A room full of opened parasols, tattoos and their false significance: every symbol in Demons is predicated on a sense of ill-fortune and deceit. Smaller scales of distrust climax to diabolical, visceral repercussions, a process visualised most effectively by the paper-thin parasols slashed by Gengobe with a samurai sword. These lacerated parasols signify Matsumoto’s ability to interlace gentle, almost beautiful visuality with terrorising brutality, positioning Demons as horror at its most aesthetically diverse. Avant-garde camerawork and macabre images enable reconfiguration of the jidaigeki genre, to facilitate gory visual effects that are both operatic and modern. Matsumoto’s maddening blend of barbarity and visual splendour is entirely at home within the film’s theatrical cadence and influence.

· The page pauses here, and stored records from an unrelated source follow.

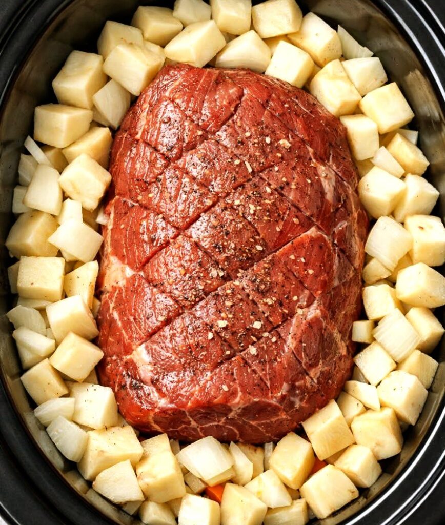 Arrange the chopped root vegetables in an even layer at the bottom of a large slow cooker. This creates a flavorful base and prevents the roast from sticking.
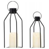 Modern Farmhouse Lantern Decor,16'' 12'' 2 Pcs Metal Candle Lanterns with Flameless Candles Black Decorative Lantern for Front Porch Covered Patio Dining Table Entryway Table Wedding Home Decor
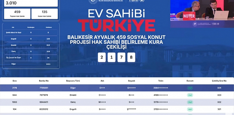 Balıkesir Ayvalık TOKİ 459 konut kura sonuçları açıklandı! 3.010 başvuru arasından hak sahipleri noter huzurunda belirlendi.
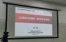 刘英教授的报告主题是“弘扬科学精神坚守学术规范”,她首先通过钱学森、保铮、南仁东等一系列科学家和院士的真实事迹向大家解读新时代科学家精神,其重要内涵为:胸怀祖国、服务人民的爱国精神;勇攀高峰、敢为人先的创新精神;追求真理、严谨治学的求实精神;淡泊名利、潜心研究的奉献精神;集智攻关、团结协作的协同精神;甘为人梯、奖掖后学的育人精神。其次,刘英教授仔细介绍了学术规范的基本准则,对其中重要规范做出详细说明,并用大量真实案例告诫同学们应坚决拒绝学术不端的行为。
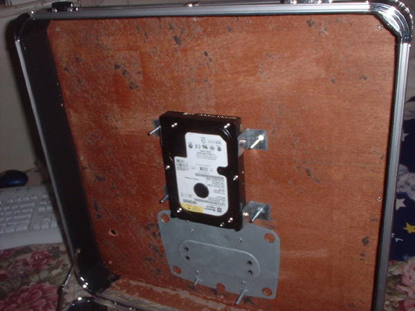 Now I have my HD mounted right about the plate, it's all coming together. At this point I paused to cut some huge holes into my case.
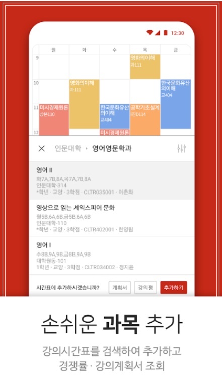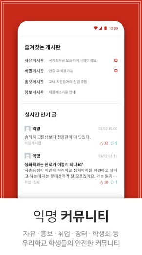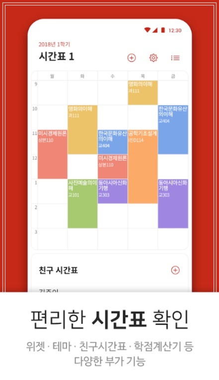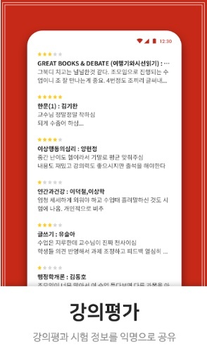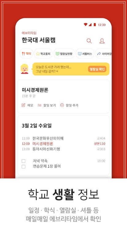 '에브리타임'은 학교 홈페이지, 학식, 도서관 및 열람실, 셔틀버스 등 대학생활에 꼭 필요한 정보를 제공하며, 시간표 작성과 수업 일정 및 할 일, 학점 계산기 등을 지원해 학업 관리를 편리하게 할 수 있는 앱입니다. 또한 학교 인증을 할 경우 같은 캠퍼스 학생들이 활발하게 활동하는 익명 커뮤니티를 이용할 수 있는데, 이곳에서 강의 및 학교생활과 관련된 다양한 정보를 얻을 수 있습니다. 또 수강했던 학생의 리뷰에서 수업의 실질적인 부분을 알 수 있는데 수업 방법부터 과제는 몇 번, 어떤 식이고 어떻게 평가하는지 말이다. 낮은 평점에는 다 이유가 있으니 수강신청 전 꼼꼼하게 체크하면 도움이 됩니다.
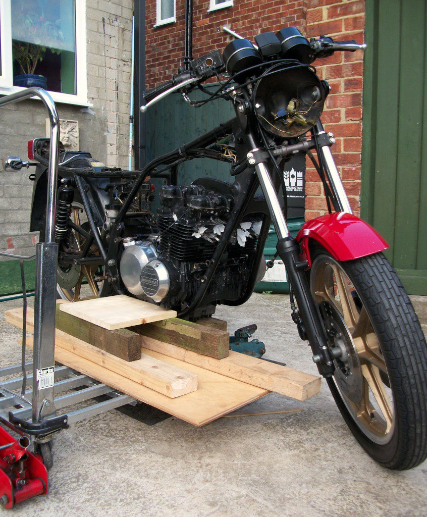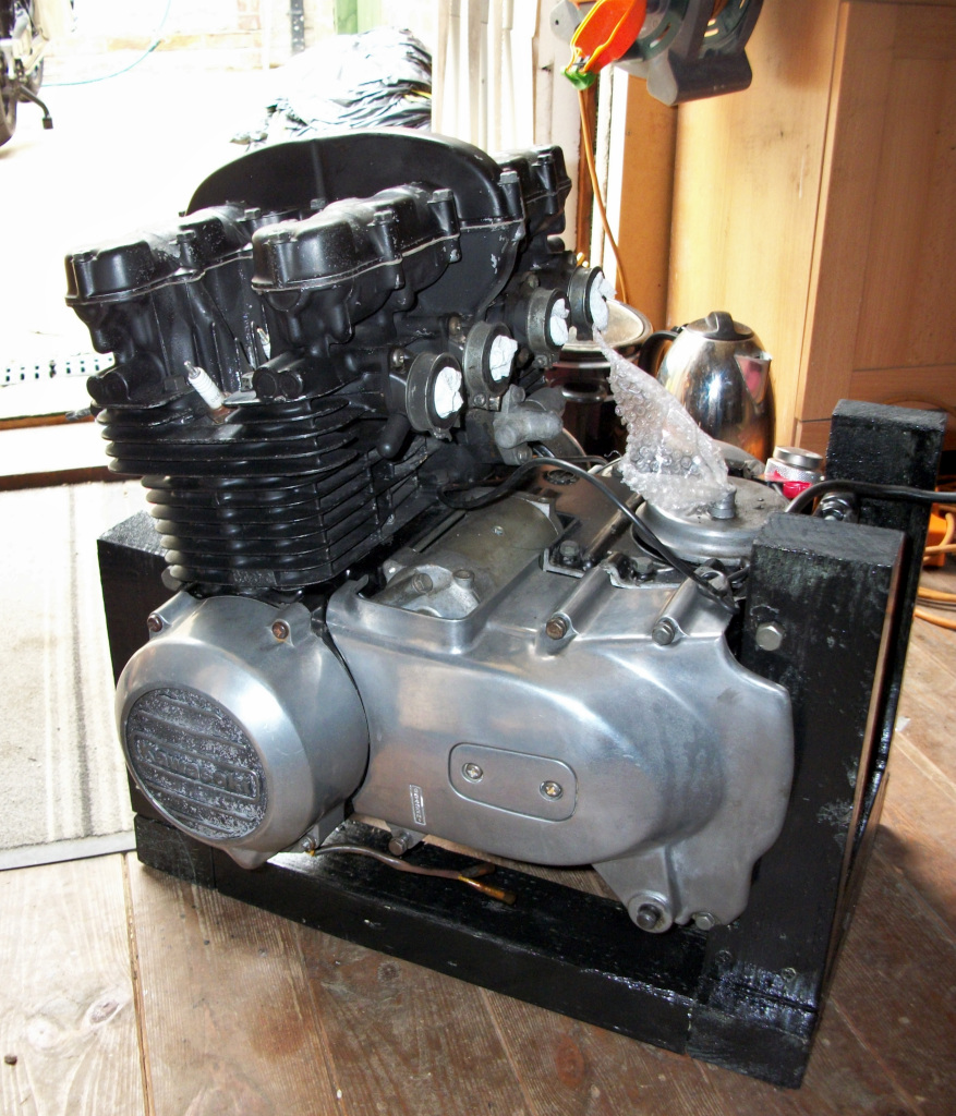 Been a long time since i updated this thread.bike now done and covered over 2000 miles and running great. So more of the story.Engine StandIt has always been a pain to support any engine I have worked on out of the frame so…I set about making something to steady the motor, the obvious answer was to make a framework around it. Not having any metal or welding kit, I had a wander round the back of the potting shed where all the odd and ends go. Found 2 nice pieces of 11/2” X 3” treated timber.After measuring the motors front and rear mount dimensions set about cutting and test fitting the bits and held together with clamps. I needed to shave some wood off to enable the removal / refitting of sump, primary drive and clutch covers. When I was happy I glued and screwed it together. Holes were enlarged slightly for the original mounting nuts and bolts to suspend the engine in the wooden cradle. Had to turn the engine on its back to fit the framework and secure it with the bolts then lift it all upright. A perfect fit. Removed the engine in the reverse way I fitted it, as they say in all good manuals. Gave the frameworks a sand down and a good thick coat of paint.I found that engine could be lifted a lot easier in the framework the and finally placed onto the workbench. If I can find 4 small castors with brakes that can share the 60 Kg or so it would make the shifting round and back on the bench a lot less effort as well as stopping my oil cloth on the bench rucking up and possibly ripping.
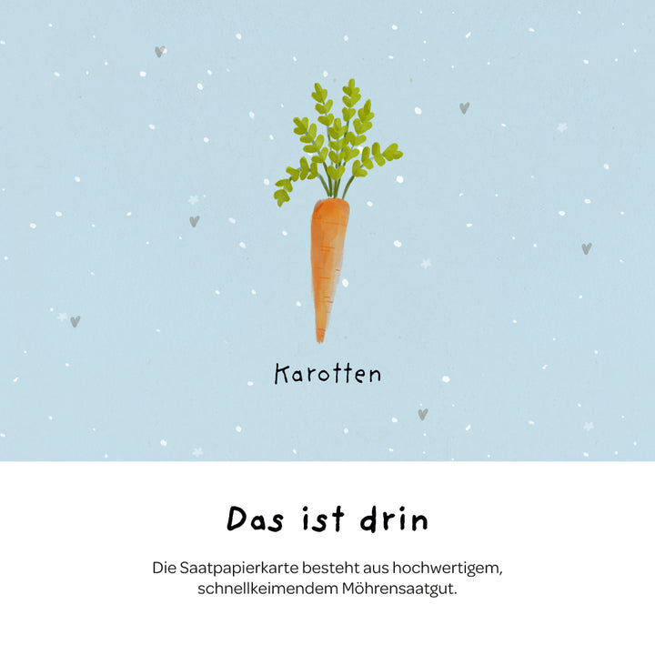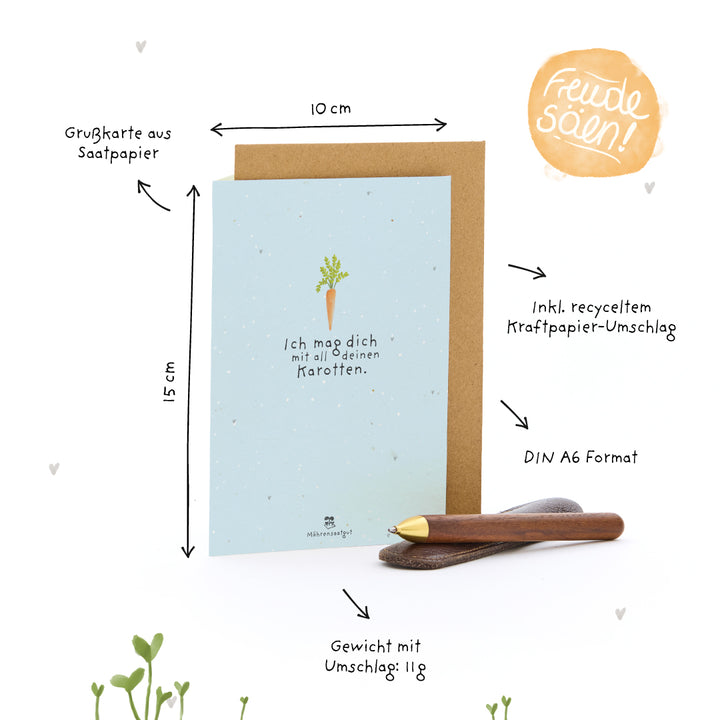 Duurzaam & plasticvrij : De kaart is gemaakt van composteerbaar zaadpapier, de envelop is van gerecycled kraftpapier en de hoes is biologisch afbreekbaar - een kaart die vreugde brengt en een klein stukje natuur teruggeeft.
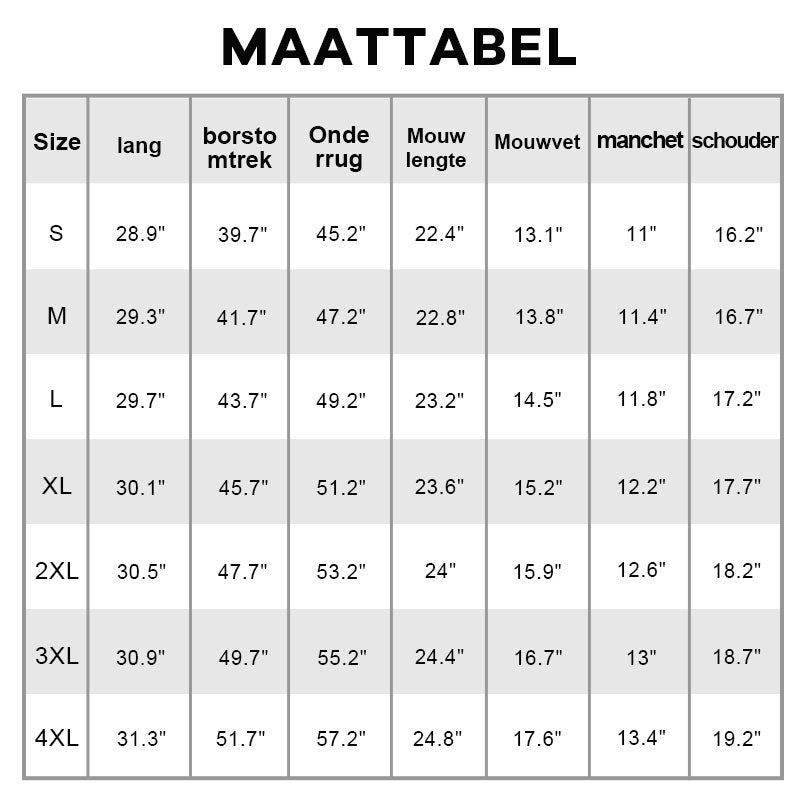Maten: S, M, L, XL, 2XL, 3XL, 4XL

While the extent of its violence certainly generates discomfort, Demons is not limited to the category of horror. It can be viewed more accurately as a nightmare of embodiment: an emotive, bloodsoaked trauma of what it means to feel engulfed by dishonour. Matsumoto carries the weight of an epic tragedy through the design and visuality of a horror film. In the end, every character is little more than a shadow: their bodies violently decimated and annihilated, discarded to the stage like props.